_TASK ITEM_: In the listing below, find the line with "Kortskitse visende Khalkhas" and copy every line from there up to and including the line with "返校園，甚至要走10多公里的", exactly and without pictures.

_EXERCISE INPUT_:
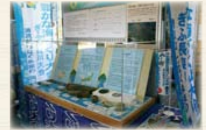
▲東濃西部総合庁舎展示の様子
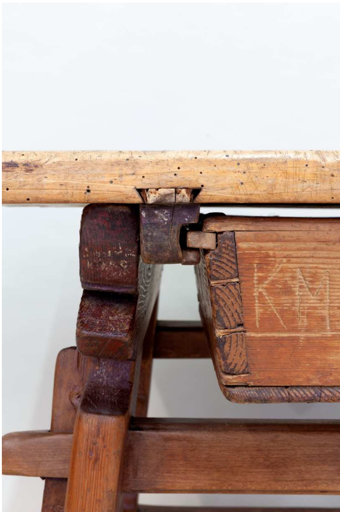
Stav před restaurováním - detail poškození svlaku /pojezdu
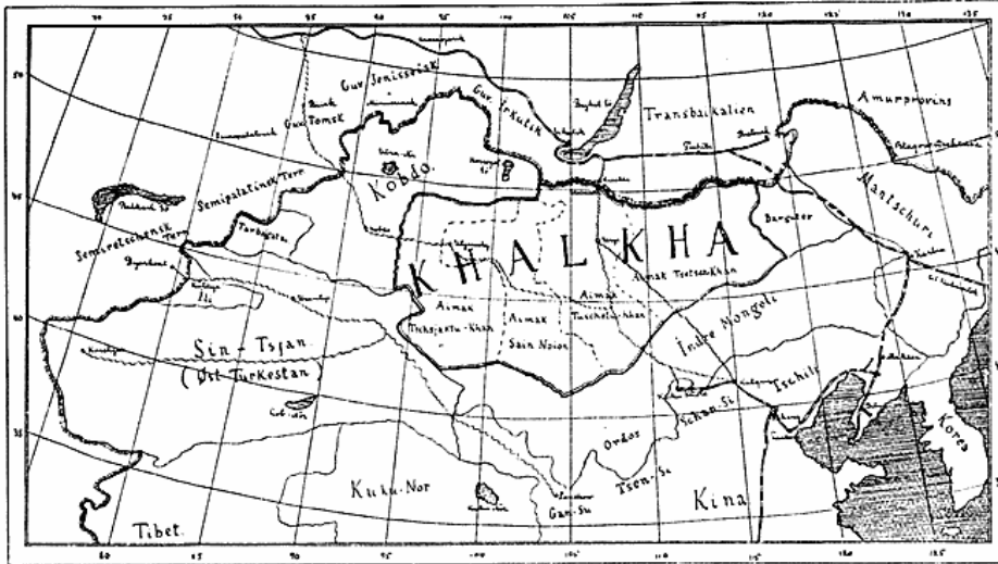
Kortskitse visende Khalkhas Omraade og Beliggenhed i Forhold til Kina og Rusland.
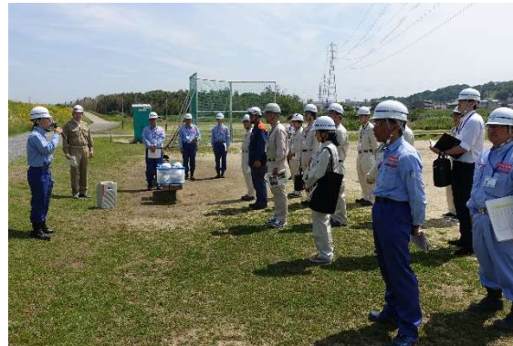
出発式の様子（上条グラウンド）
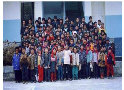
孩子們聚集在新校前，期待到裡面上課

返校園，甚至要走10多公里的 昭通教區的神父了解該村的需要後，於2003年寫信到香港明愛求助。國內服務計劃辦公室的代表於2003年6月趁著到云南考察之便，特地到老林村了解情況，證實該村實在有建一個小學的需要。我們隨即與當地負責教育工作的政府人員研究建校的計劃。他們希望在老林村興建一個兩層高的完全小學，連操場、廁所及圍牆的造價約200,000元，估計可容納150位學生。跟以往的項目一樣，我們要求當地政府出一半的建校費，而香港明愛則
* * *
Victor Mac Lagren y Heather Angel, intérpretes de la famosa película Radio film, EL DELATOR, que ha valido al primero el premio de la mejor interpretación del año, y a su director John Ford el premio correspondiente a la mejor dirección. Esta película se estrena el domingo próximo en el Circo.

_EXERCISE OUTPUT_:
Kortskitse visende Khalkhas Omraade og Beliggenhed i Forhold til Kina og Rusland.
出発式の様子（上条グラウンド）
孩子們聚集在新校前，期待到裡面上課

返校園，甚至要走10多公里的 昭通教區的神父了解該村的需要後，於2003年寫信到香港明愛求助。國內服務計劃辦公室的代表於2003年6月趁著到云南考察之便，特地到老林村了解情況，證實該村實在有建一個小學的需要。我們隨即與當地負責教育工作的政府人員研究建校的計劃。他們希望在老林村興建一個兩層高的完全小學，連操場、廁所及圍牆的造價約200,000元，估計可容納150位學生。跟以往的項目一樣，我們要求當地政府出一半的建校費，而香港明愛則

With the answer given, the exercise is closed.